Although all four of these provisions appear to give the court jurisdiction over this action to reduce federal tax assessments to judgment and to foreclose on the federal tax liens at issue, the Bigleys argue that any exercise of this jurisdiction would be premature because they have filed an appeal of the Tax Court decisions.[24] Because they have filed an appeal, the Bigleys argue that the Tax Court's decisions are not final and thus not yet reviewable.

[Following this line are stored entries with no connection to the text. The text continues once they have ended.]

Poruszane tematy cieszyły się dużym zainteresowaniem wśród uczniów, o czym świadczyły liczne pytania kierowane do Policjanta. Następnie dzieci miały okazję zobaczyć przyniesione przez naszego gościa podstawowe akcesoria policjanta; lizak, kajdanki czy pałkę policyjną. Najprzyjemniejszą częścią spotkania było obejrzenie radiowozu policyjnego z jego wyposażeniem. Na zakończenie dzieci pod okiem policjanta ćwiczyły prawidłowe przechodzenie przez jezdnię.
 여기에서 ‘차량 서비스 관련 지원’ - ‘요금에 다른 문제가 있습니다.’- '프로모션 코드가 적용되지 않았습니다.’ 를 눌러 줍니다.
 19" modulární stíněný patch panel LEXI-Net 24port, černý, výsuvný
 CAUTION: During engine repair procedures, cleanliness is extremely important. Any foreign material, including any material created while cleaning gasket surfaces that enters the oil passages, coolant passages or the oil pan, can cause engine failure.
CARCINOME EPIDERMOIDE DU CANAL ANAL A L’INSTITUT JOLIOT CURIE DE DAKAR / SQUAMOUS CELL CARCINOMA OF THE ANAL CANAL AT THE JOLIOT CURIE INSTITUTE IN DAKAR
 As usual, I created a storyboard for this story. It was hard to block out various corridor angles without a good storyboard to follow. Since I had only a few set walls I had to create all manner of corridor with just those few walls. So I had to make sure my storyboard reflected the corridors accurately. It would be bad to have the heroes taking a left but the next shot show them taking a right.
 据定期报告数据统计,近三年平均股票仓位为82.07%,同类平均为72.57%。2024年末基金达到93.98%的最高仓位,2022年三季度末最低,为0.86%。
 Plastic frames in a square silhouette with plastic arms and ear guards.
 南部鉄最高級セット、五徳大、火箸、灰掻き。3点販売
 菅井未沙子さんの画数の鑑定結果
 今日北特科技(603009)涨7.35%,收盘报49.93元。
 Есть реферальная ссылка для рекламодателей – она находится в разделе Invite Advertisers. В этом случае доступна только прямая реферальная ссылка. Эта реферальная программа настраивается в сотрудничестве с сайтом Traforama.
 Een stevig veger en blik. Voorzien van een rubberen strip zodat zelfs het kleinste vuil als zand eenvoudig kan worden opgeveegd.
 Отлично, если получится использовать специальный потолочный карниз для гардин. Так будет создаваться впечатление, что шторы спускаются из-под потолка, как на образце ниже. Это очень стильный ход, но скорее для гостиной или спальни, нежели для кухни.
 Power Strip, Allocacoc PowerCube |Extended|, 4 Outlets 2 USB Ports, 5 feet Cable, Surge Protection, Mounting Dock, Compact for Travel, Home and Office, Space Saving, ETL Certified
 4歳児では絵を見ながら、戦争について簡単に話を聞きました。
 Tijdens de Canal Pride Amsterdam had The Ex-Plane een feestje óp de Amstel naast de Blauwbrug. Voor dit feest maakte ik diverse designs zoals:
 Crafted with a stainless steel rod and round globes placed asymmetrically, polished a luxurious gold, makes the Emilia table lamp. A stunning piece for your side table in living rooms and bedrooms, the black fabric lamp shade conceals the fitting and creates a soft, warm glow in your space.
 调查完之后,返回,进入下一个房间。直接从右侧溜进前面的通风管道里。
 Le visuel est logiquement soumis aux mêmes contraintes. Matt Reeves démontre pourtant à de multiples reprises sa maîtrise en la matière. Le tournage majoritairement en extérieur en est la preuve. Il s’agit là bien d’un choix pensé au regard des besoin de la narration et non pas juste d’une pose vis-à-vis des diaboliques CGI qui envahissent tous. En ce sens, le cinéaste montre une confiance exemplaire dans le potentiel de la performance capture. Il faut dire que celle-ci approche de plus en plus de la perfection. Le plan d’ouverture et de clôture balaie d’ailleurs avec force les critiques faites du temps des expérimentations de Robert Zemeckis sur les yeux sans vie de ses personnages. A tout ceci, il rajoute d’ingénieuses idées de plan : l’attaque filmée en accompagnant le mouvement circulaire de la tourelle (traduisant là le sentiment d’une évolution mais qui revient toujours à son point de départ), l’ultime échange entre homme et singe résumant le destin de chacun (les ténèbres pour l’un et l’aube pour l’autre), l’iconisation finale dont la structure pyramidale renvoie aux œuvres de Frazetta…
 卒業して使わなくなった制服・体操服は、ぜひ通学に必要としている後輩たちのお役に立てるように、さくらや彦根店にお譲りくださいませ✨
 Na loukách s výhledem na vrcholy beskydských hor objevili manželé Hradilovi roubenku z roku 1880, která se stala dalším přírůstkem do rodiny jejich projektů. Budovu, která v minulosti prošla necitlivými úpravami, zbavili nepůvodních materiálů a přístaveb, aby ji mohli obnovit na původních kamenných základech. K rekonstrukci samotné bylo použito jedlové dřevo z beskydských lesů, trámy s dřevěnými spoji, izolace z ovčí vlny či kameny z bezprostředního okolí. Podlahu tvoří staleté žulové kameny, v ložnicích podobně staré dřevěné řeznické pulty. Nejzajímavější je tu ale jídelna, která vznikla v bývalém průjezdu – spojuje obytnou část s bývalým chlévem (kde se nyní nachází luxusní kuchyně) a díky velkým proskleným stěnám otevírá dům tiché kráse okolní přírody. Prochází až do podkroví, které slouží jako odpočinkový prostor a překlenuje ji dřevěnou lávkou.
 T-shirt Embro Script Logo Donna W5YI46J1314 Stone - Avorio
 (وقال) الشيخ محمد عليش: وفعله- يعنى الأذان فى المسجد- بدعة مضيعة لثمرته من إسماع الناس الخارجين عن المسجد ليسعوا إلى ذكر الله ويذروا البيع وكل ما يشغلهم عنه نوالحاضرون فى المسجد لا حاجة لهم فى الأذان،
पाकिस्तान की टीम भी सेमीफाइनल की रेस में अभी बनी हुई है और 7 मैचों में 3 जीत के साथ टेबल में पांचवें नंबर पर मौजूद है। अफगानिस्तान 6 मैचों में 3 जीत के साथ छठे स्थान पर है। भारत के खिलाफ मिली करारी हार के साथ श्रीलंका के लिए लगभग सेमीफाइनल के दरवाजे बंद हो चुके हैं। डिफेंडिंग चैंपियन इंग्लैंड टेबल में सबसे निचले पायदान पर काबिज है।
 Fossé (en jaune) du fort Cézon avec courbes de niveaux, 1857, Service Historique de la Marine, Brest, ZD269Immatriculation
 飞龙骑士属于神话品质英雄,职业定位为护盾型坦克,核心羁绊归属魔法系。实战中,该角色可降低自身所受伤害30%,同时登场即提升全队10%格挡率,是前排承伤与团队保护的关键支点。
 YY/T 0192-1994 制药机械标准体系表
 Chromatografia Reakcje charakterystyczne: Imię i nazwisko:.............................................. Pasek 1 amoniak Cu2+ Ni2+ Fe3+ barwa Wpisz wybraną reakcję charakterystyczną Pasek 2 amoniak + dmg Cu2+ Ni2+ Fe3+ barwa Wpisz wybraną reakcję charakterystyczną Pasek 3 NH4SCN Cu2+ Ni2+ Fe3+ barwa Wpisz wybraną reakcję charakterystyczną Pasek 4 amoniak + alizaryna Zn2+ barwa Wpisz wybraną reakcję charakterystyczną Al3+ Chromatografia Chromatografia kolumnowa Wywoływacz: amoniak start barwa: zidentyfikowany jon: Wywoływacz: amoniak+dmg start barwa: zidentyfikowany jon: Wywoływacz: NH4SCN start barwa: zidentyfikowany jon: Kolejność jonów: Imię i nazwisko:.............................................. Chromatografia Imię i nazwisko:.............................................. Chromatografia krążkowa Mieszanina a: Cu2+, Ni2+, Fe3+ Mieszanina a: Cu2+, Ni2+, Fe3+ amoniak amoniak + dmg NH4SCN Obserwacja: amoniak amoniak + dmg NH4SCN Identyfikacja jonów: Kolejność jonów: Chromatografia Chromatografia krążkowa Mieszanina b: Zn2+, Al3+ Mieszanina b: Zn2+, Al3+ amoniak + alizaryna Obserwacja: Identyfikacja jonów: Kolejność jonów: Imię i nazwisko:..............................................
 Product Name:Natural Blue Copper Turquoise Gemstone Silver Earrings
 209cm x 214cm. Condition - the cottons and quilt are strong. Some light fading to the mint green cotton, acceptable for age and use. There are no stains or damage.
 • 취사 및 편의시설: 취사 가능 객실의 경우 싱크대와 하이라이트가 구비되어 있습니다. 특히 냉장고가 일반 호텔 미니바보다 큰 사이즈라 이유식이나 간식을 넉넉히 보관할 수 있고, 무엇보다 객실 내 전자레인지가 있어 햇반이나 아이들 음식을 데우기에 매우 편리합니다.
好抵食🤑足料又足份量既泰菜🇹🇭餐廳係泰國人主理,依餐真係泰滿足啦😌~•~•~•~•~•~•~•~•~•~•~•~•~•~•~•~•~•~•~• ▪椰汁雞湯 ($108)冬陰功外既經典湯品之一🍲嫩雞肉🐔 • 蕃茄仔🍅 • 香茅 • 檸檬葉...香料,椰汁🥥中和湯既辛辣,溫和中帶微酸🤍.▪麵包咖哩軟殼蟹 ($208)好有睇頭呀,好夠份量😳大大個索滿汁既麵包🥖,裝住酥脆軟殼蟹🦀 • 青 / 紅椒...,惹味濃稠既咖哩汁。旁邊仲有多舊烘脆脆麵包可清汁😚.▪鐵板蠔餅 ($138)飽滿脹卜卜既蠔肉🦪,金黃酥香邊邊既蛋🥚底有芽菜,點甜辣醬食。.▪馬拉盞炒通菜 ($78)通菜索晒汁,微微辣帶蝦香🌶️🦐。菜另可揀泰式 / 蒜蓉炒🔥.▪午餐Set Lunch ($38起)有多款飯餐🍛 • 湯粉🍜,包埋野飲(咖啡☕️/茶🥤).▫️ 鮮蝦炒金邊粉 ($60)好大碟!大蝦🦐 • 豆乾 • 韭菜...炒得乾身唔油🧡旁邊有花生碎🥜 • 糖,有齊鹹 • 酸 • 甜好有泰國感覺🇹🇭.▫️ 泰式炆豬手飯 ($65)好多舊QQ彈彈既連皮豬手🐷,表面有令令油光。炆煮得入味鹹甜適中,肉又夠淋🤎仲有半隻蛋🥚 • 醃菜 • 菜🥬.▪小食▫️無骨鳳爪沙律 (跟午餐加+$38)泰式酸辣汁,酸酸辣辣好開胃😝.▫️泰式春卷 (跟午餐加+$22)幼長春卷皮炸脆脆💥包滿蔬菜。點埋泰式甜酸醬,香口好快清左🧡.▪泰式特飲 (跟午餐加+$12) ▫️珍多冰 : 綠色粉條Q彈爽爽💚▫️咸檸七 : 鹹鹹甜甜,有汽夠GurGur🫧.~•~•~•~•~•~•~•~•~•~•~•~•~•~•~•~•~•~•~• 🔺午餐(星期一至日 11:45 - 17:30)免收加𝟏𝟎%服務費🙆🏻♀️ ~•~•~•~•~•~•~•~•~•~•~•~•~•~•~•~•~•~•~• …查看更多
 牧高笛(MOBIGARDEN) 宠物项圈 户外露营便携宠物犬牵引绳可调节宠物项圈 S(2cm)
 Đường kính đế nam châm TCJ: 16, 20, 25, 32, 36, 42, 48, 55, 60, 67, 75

The Bigleys' argument is based on 26 U.S.C. § 6213, which sets out the procedures by which a taxpayer may petition the Tax Court after receiving a notice of deficiency. Section 6213 provides that "no levy or proceeding in court for [tax] collection shall be made, begun, or prosecuted... until the decision of the Tax Court has become final." 26 U.S.C. § 6213(a). Pursuant to 26 U.S.C. § 7481, "a decision of the Tax Court becomes final in 90 days if it is not appealed." Abatti v. C.I.R., 86 T.C. 1319, 1323 (Tax Court 1986). If an appeal is taken, the decision of the Tax Court does not become final until no further appeals can be taken. 26 U.S.C. § 7481. In other words, "[w]hile the judicial review is taking place, the Commissioner must suspend his activities with respect to assessment and collection of the tax, but when those proceedings are completed, he may then proceed to assess and collect any tax found to be due." Id.

The Bigleys' reliance on Section 6213(a) and Abatti are misplaced because Section 6213 has no application here. Section 6213 sets forth the procedures that apply when a taxpayer files a petition with the Tax Court seeking a redetermination of the IRS's administrative determination that there is a tax deficiency.[25] Section 6213 proceedings are deficiency proceedings. Here, Mr. Bigley petitioned the United States Tax Court to contest the merits of the notice of deficiency by the IRS for the 2004 tax year. Bigley v. C.I.R., Case No. 14223-08, 2010 WL 610707 (T.C. Feb. 22, 2010). The Tax Court "sustained" the IRS' "deficiency determination" and "grant[ed the IRS's] motion for a penalty and require[d Mr. Bigley] to pay a penalty to the United States pursuant to section 6673(a)(1) of $5, 000." Id. at *2. This order became final "on May 24, 2010."[26] The IRS subsequently assessed the 2004 tax year deficiencies, additions to tax, and accrued interest and sent Mr. Bigley a Final Notice of Intent to Levy and Notice of Your Right to a Hearing as well as a lien notice.[27] Mr. Bigley then requested a collection due process (CDP) hearing to contest the proposed levy and requested a hearing in response to the lien notice.[28] "A CDP hearing is a specific administrative procedure, set out in I.R.C. § 6330, through which taxpayers may challenge proposed collection actions brought by the IRS." Golden v. C.I.R., 548 F.3d 487, 492 (6th Cir. 2008) (emphasis added). The appeals that are currently pending involve the Tax Court decisions in Mr. Bigley's collection cases which were brought pursuant to "Section 6320 and/or 6330[.]"[29]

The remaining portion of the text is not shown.